Priya Rai, a community organizer at API Chiya and a Hindu-Indian American who joined the meetings with the foundation, is shocked by the award.
“The Gates Foundation is not living up to its principles,” Priya said. “It talks about holding governments accountable for their human rights records, yet here it is rewarding a serial human rights abuser.”
On Sept. 13, three Nobel Peace Prize winners—Shirin Ebadi, Tawakkol Abdel-Salam Karman, and Mairead Maguire—co-signed a protest letter addressed to Bill and Melinda Gates.
“Under Prime Minister Modi’s leadership, India has descended into dangerous and deadly chaos that has consistently undermined human rights, democracy,” they wrote. “This is particularly troubling to us as the stated mission of your foundation is to preserve life and fight inequity.”
The letter urges the Gates Foundation to withdraw the award to “send a clear and powerful message that [it] takes its aim of equity, justice, and human rights for all seriously — and that it is committed to promoting these values in a consistent fashion.”
Modi’s Hindu nationalist-led government presented an order in Parliament on Aug. 5 revoking the autonomy of India’s only Muslim-majority state. It has imposed tighter controls on India’s side of Kashmir, including limiting internet access, mobile and landline phones, and cable TV in the disputed region home to 12.5 million people.
The Gates Foundation emailed a statement to the Northwest Asian Weekly, saying it respects the views of petitioners, but Modi will receive its annual Goalkeepers Global Goals Award.
The statement said, “Before the Swachh Bharat mission, over 500 million people in India did not have access to safe sanitation, and now, the majority do. There is still a long way to go, but the impacts of access to sanitation in India are already being realized. The Swachh Bharat Mission can serve as a model for other countries around the world that urgently need to improve access to sanitation for the world’s poorest.”

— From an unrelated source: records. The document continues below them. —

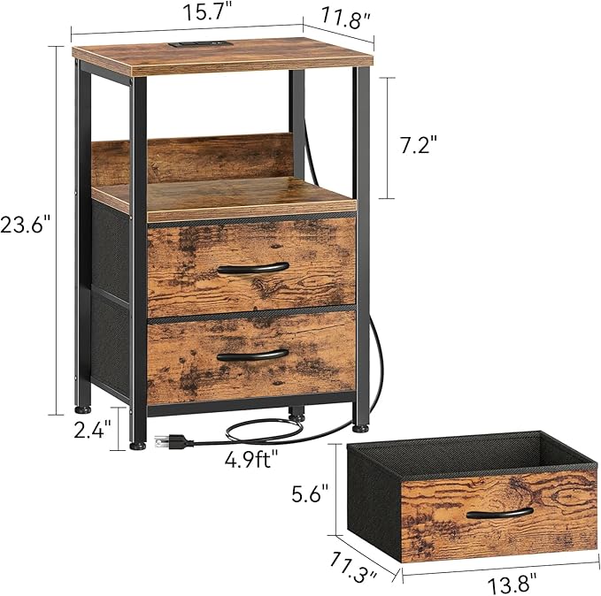 About This 【Nightstand with Charging Station】Our bedside table comes with 2 USB ports and 2 AC outlets, making it a...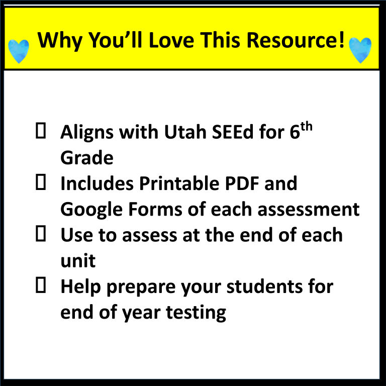 Utah SEEd 6th Grade Assessments combines the Assessments for Strands 6.1, 6.2, 6.3, and 6.4 of the Utah SEEd. The assessments can be used after each strand is taught or at the end of the year for review and practice. The format is multiple-choice and short-answer. All assessments have answer keys. This includes Google Forms and printable PDFs.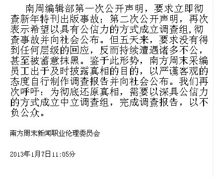 连日来,南方周末新年献词被删改,封面被加上错漏百出的文字,造成南方周末名誉受损,南方周末编辑记者无法忍受这样的耻辱,在新浪、腾讯微博上倾诉,引起众多有识之士的支持,海内外媒体广泛关注,有些媒体和网友矛头直指广东省委宣传部,从而酿成一个公共事件。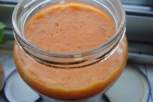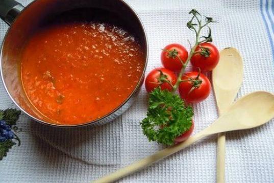 Se prepara con tomate, ajo, leche desnatada, orégano, albahaca, perejil, aceite y sal.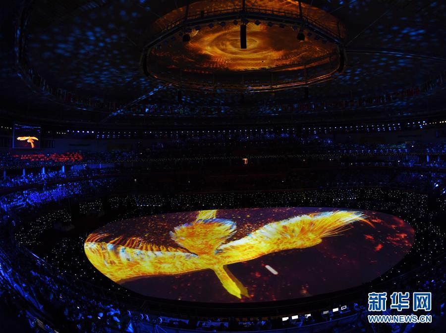 10月27日,第七届世界军人运动会闭幕式在武汉举行。这是闭幕式上的文艺表演(10月27日摄)。新华社记者程敏摄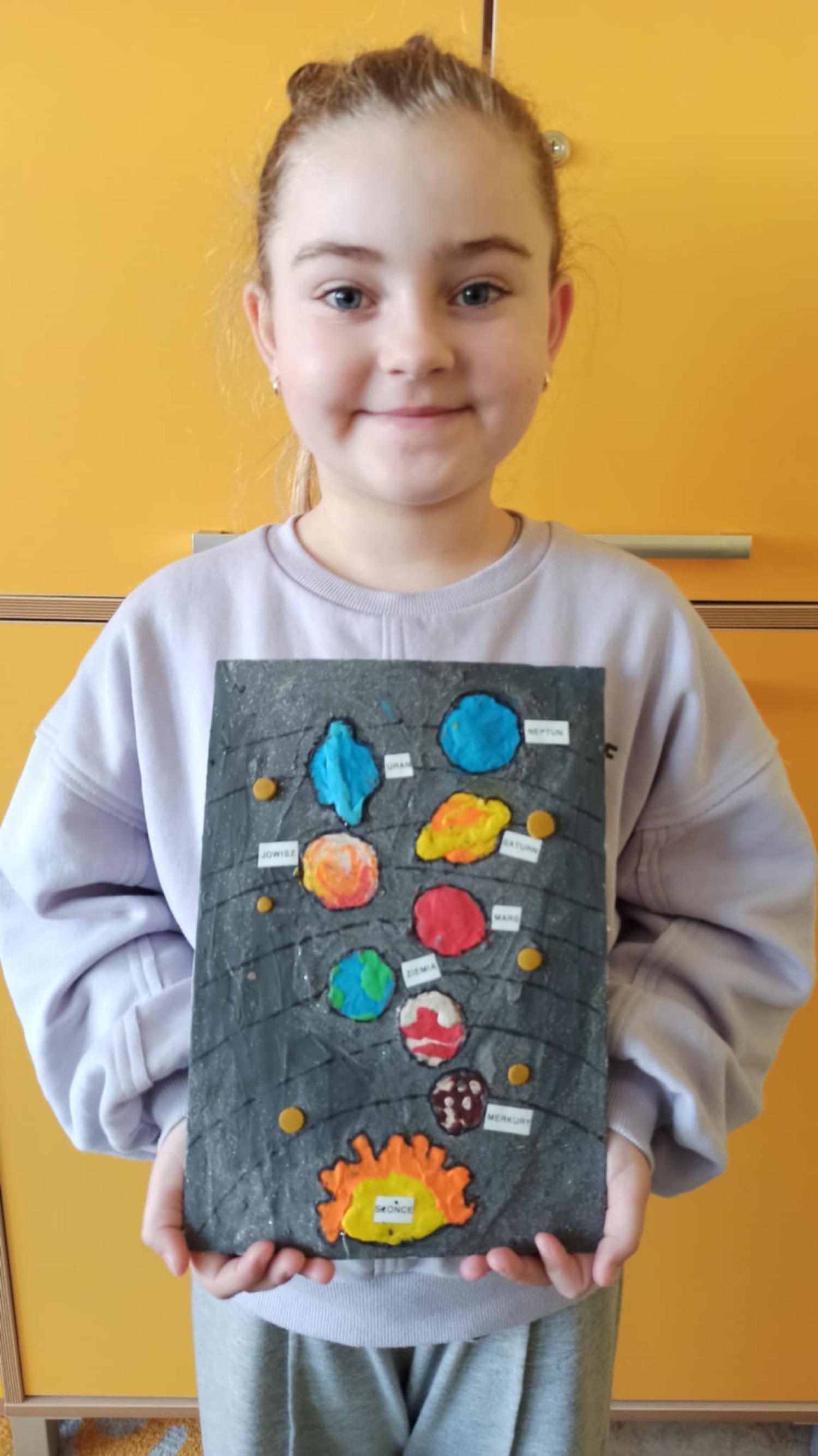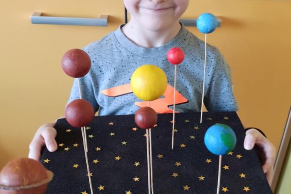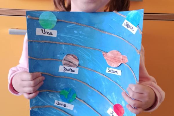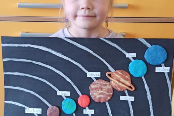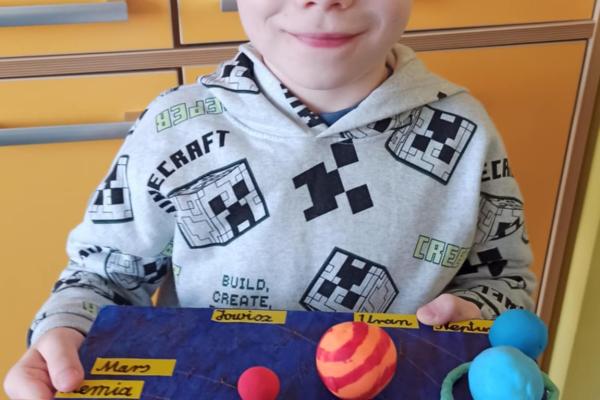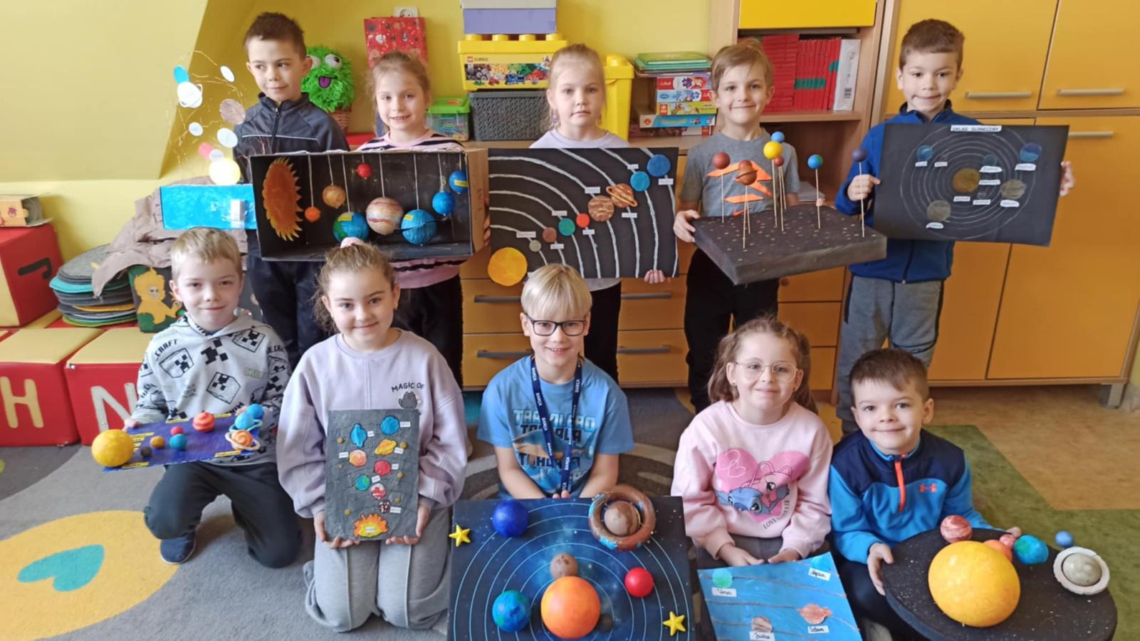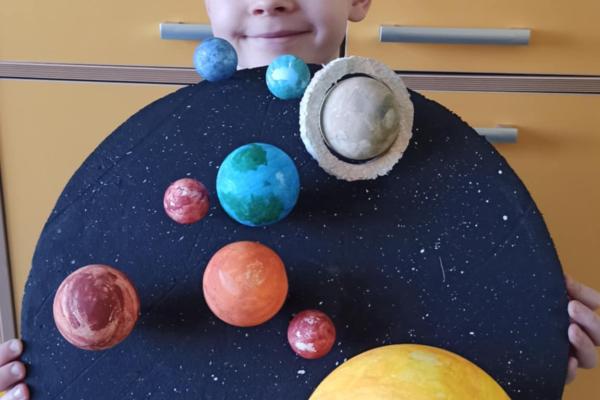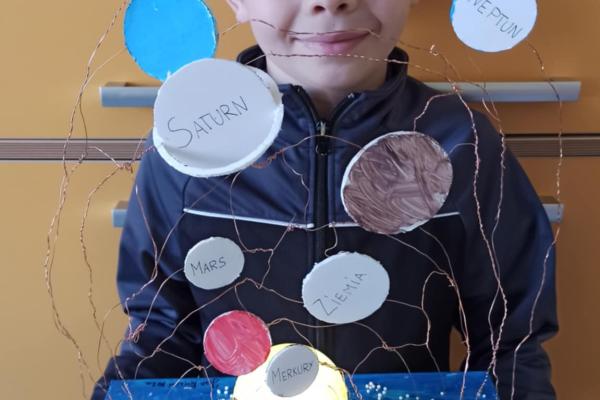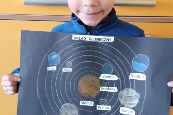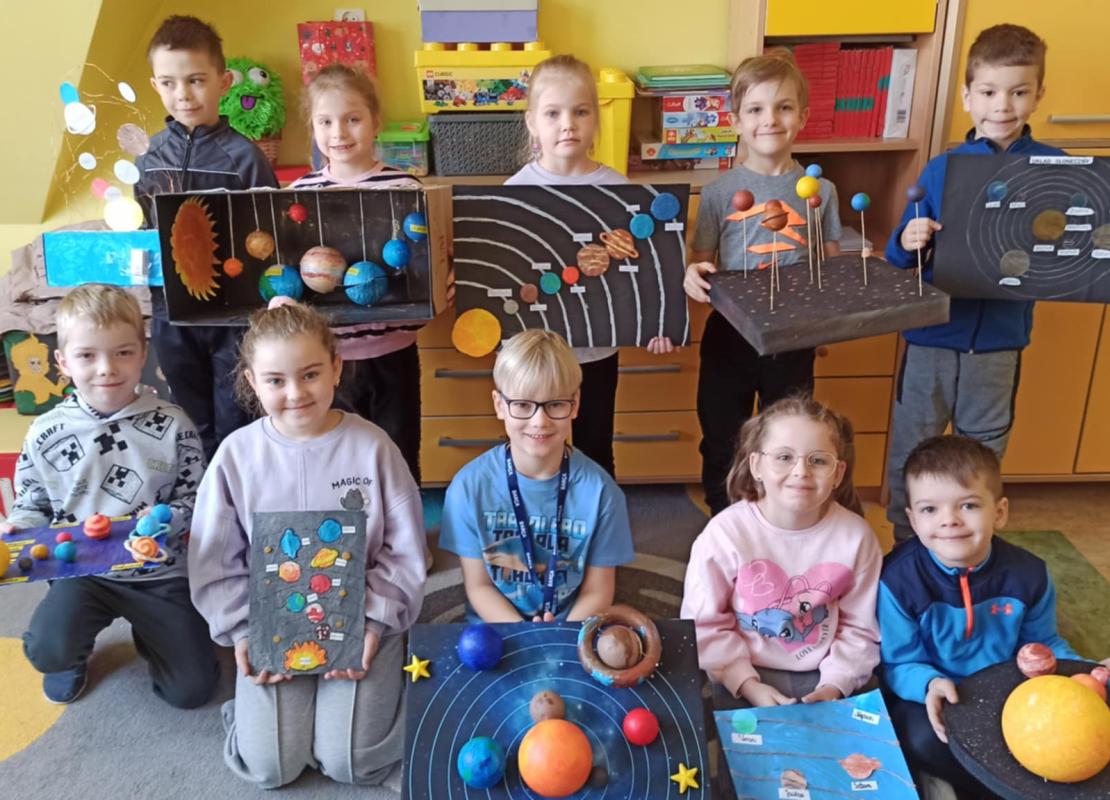 Mali odkrywcy z klasy 1a poznają kosmos Uczniowie klasy 1a wyruszyli w niezwykłą podróż… aż do gwiazd! Podczas zajęć dzieci poznały postać Mikołaja Kopernika oraz dowiedziały się, czym jest Układ Słoneczny i jakie planety krążą wokół Słońca. Pierwszoklasiści z ogromnym zainteresowaniem słuchali ciekawostek o kosmosie, oglądali ilustracje planet oraz rozmawiali o tym, dlaczego odkrycie Kopernika było tak ważne dla świata nauki. Chętni uczniowie podjęli się dodatkowego wyzwania i wykonali własne projekty Układu Słonecznego. Powstały piękne, kolorowe prace, które pokazują nie tylko zdobytą wiedzę, ale także kreatywność, zaangażowanie i pasję do odkrywania świata. Brawo klasa 1a! Jesteśmy dumni z Waszej ciekawości i aktywności!

Debadutta Dash, co-chair of the Washington State India Trade Relations Action Committee, stated that the award to Modi on Swachh Bharat “has nothing to do with what certain section of media is demanding. The demands appear to be very naive and childish or as if part of an anti-Modi political propaganda, which isn’t new.”
In an email to the Northwest Asian Weekly, Dash said Kashmir has been and still is an integral part of India.
“The Indian government has allocated a good portion of its annual budget every year since 1950 for the state of Kashmir,” Dash said. “But the funds never reached the common people as temporary Articles (370 and 35A) of the Indian constitution were abused by the local politicians of Kashmir.”
Dash said the Modi government repealed those temporary articles by a two-thirds majority vote.
“It was not done unilaterally.” He added that the recent curfew and communication cut-off is part of a temporary enforcement and no civilian casualties have taken place.
The Gates Foundation’s annual event, focusing on global inequality, on Sept. 24 and 25 coincides with the United Nations General Assembly gathering and has drawn big-name politicians and celebrities, from former President Barack Obama to Ed Sheeran. However, the Gates Foundation confirmed that actors Jameela Jamil and Riz Ahmed have dropped out of its event.
Modi will be in the United States next week to receive the foundation’s award. He will also attend a rally with President Donald Trump in Houston.
The White House said Trump will use the “Howdy, Modi! Shared Dreams, Bright Futures” event to “emphasize the strong ties between the people of the United States and India” and reaffirm the two countries’ strategic partnership.
Houston will be the first stop in Modi’s week-long trip to the United States. Apart from addressing the United Nations’ Climate Action Summit in New York on Sept. 23, Modi is scheduled to address the United Nations General Assembly on Sept. 27.
We reached out to state lawmakers of South Asian descent for comment. State Sen. Mona Das and state Rep. Vandana Slatter were unavailable, while State Sen. Manka Dhingra did not respond to our inquiry.
Stand with Kashmir-Seattle will hold a protest in front of the Gates Foundation on Sept. 22 from 3-6 p.m.